Robert T. Golla IBM RISC System/6000 Division, 11400 Burnet Road, Austin, Texas 78758 (GOLLA at AUSVM6). Mr. Golla received his B.S. degree in electrical engineering from the University of Houston in 1986, and his M.S. degree, also in electrical engineering, from the University of Texas at Austin in 1990. He joined IBM in 1986 as a logic design engineer, and initially worked on the RISC System/6000 microprocessor. From 1989 to 1992, he acted as team leader on the instruction cache chip for the POWER2 microprocessor. Currently, Mr. Golla is a Staff Engineer working on the PowerPC 603<sup>TM</sup> microprocessor. He has received an IBM First Invention Achievement Award.

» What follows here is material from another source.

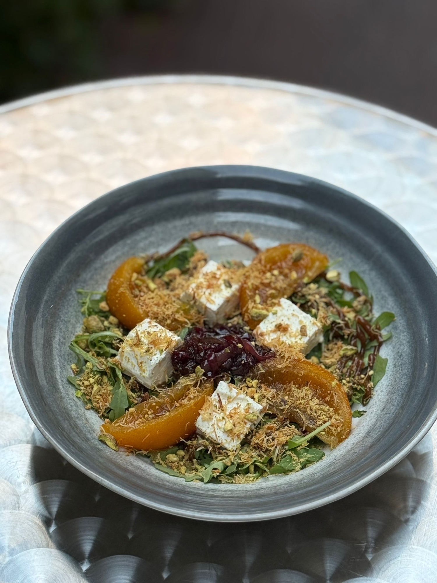 Pide / Sos Pomodoro / Pesto / Oliwa / Ser Kozi Manouri / Pomidory Suszone / Chilli / Liście Bazylii / Sumak / Chrupiące Nitki Kadaifi -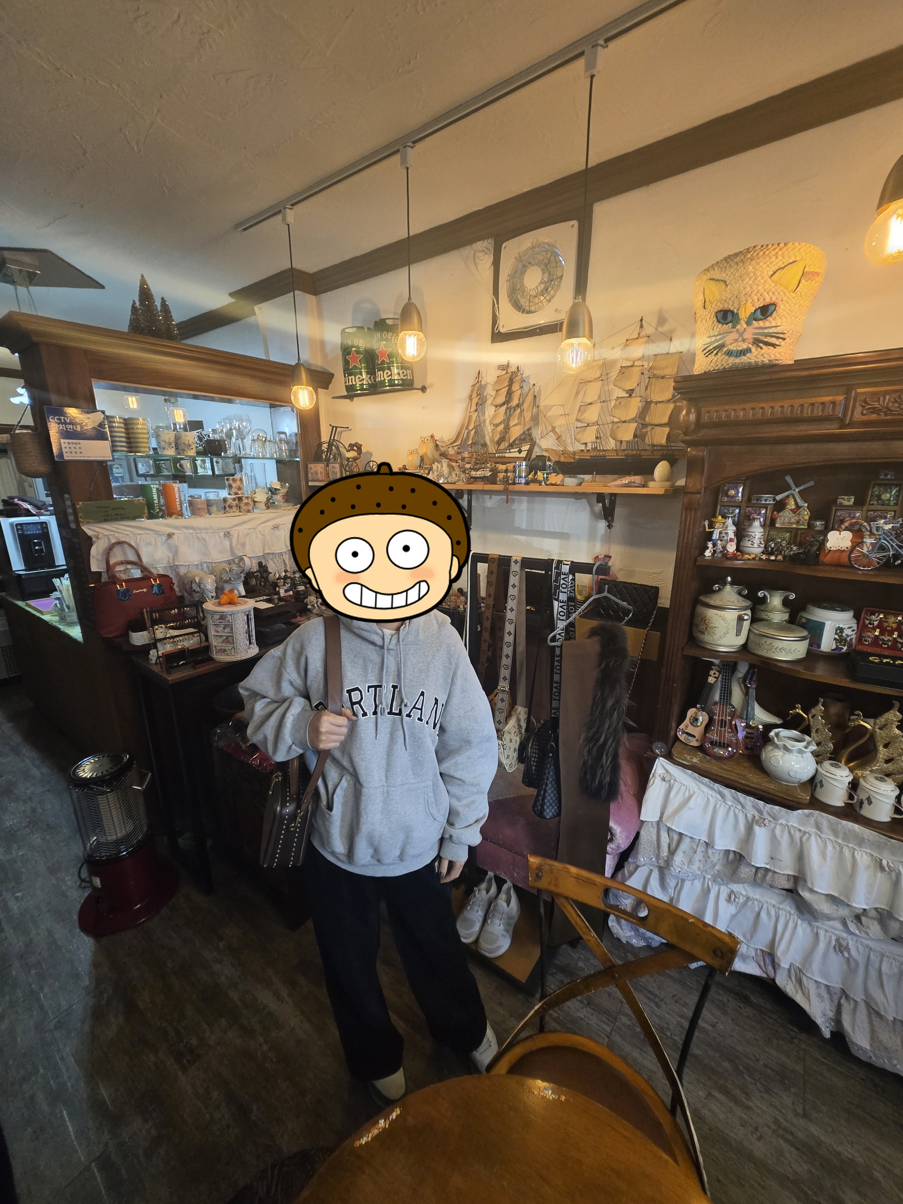구제샵 특유의 빈티지한 감성이 물씬 풍기는 인테리어입니다. 숨은공간이 있어요

L. Baba Arimilli IBM RISC System/6000 Division, 11400 Burnet Road, Austin, Texas 78758 (BABA at AUSVM6). Mr. Arimilli received an M.S. degree in electrical engineering from Louisiana State University in 1986. He joined Texas Instruments' Semiconductor Division in 1986 in Houston, where he worked on VRAM design. In 1987 he joined IBM in Austin, where he currently works on high-end RISC processor designs. Mr. Arimilli has received an IBM Invention Achievement Award.

Paul J. Jordan *IBM RISC System*/6000 Division, 11400 Burnet Road, Austin, Texas 78758 (PJORDAN at AUSVM6). Mr. Jordan graduated cum laude from Rice University in May 1990 with a B.S. degree in electrical engineering. On joining IBM, he worked as an Associate Engineer on the instruction cache unit design team for the POWER2 processor during 1991 and 1992. He is currently a Senior Associate Engineer working in PowerPC<sup>™</sup> processor development.

PowerPC 620, PowerPC 603, and PowerPC are trademarks of International Business Machines Corporation.